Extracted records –
--*--

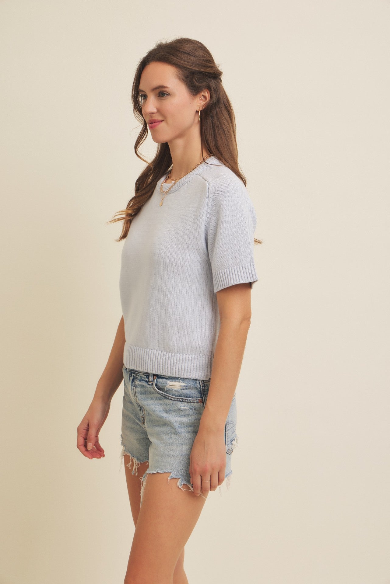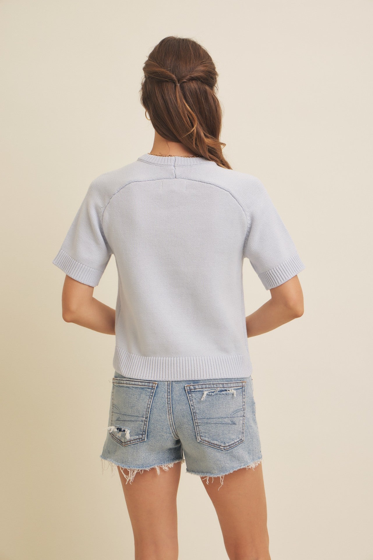 Cotton-blend sweater top with round neck, raglan short sleeves, and ribbed trim. Lightweight, versatile, and seasonless.
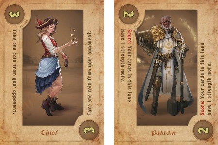 Gewertet wird eine der drei Lanes, sobald ein Spieler mindestens vier Söldner versammelt hat. Wer zwei Lanes für sich entscheidet, gewinnt. Mehr müssen die Spieler tatsächlich nicht wissen, um mit dem Wettbieten loslegen zu können. Eine komplette Partie ist für erfahrene Spieler in 20 Minuten zu bewältigen.
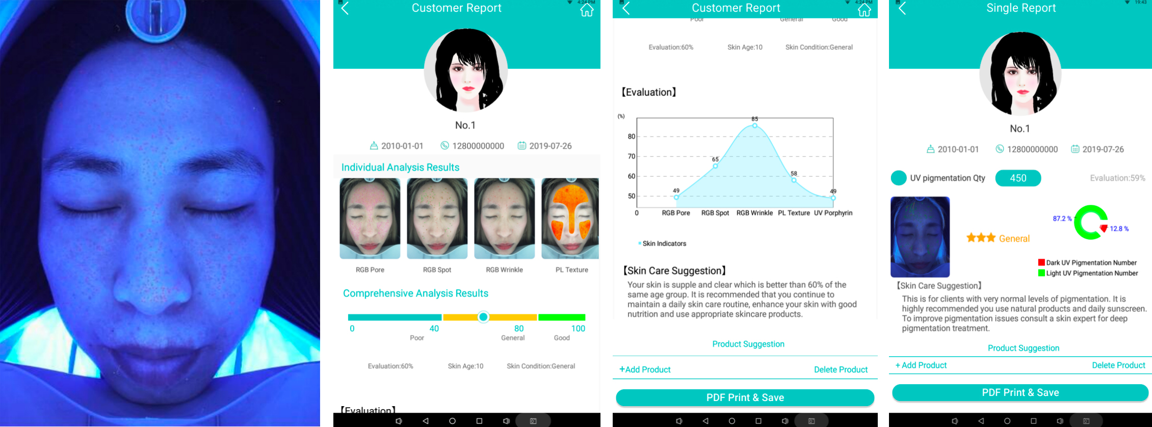 深表層12大皮膚問題 手動,自動雙模式調節(jié)分析區(qū)域,全方位無死角 高速分析,僅需15秒
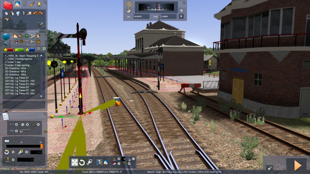 Hieronder een voorbeeld van het plaatsen van de seinen met diens pijlen op de juiste plaats in mijn project waar ik hard aan bouw.
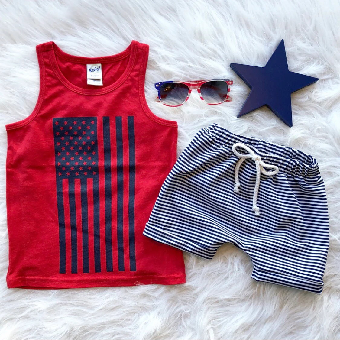 The perfect tank for your mini. Our popular flag printed in navy ink on red tanks. These shirts are super-soft and run true-to-size with a long/lean fit. Please allow up to three weeks for shipment as each of our items are individually made-to-order. Thank you for shopping small!
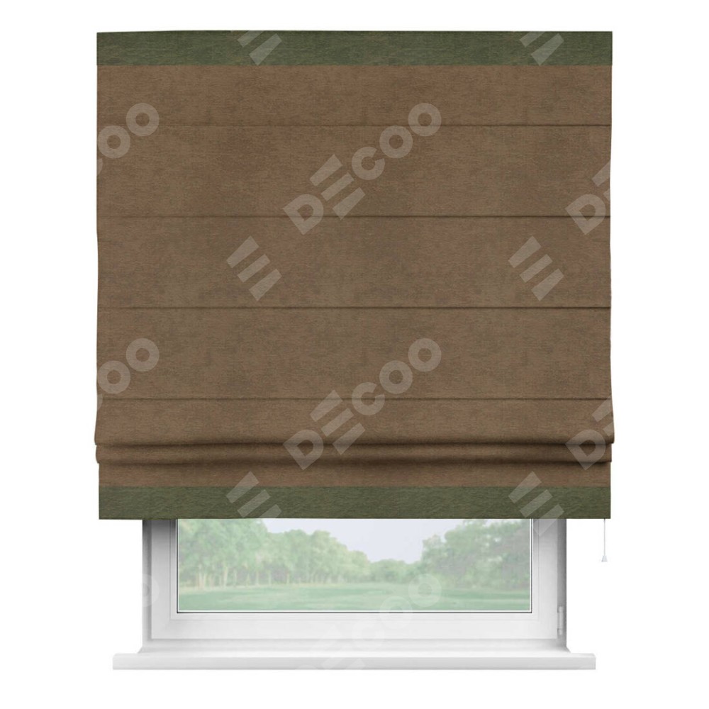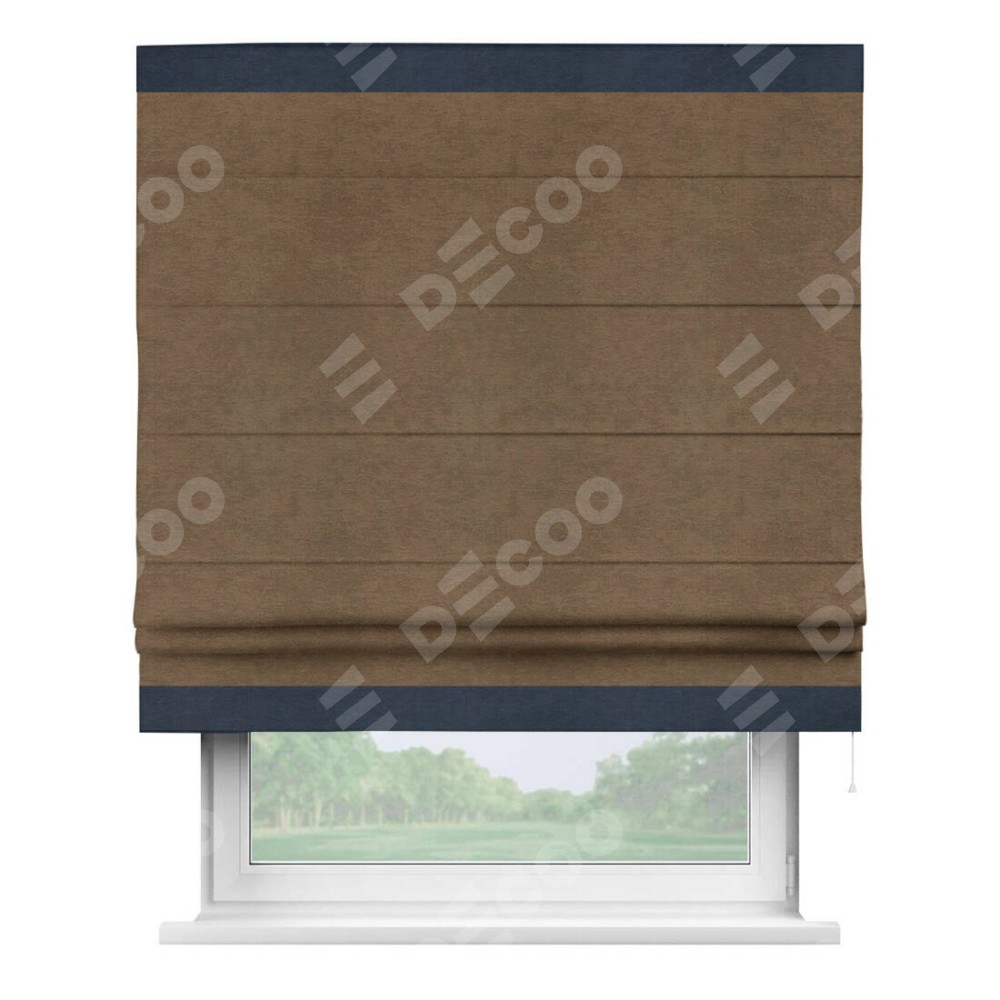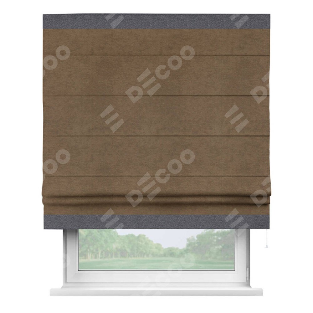 Римская штора производителя «Cortin», используется для проёма, пошита из ткани софт однотонный бронзовый, артикул 33099. Отделка шторы кантом «Горизонт», ткань для канта используется из софта разной расцветки на выбор. Имеет универсальный механизм и подходит для монтажа: на потолок, на стену и в нишу.

--*--

Directions – From the line that holds "Hieronder een voorbeeld" to the last line of the records, please copy each line exactly and nothing else. Pictures stay out.

Exercise response –
 Hieronder een voorbeeld van het plaatsen van de seinen met diens pijlen op de juiste plaats in mijn project waar ik hard aan bouw.
 The perfect tank for your mini. Our popular flag printed in navy ink on red tanks. These shirts are super-soft and run true-to-size with a long/lean fit. Please allow up to three weeks for shipment as each of our items are individually made-to-order. Thank you for shopping small!
 Римская штора производителя «Cortin», используется для проёма, пошита из ткани софт однотонный бронзовый, артикул 33099. Отделка шторы кантом «Горизонт», ткань для канта используется из софта разной расцветки на выбор. Имеет универсальный механизм и подходит для монтажа: на потолок, на стену и в нишу.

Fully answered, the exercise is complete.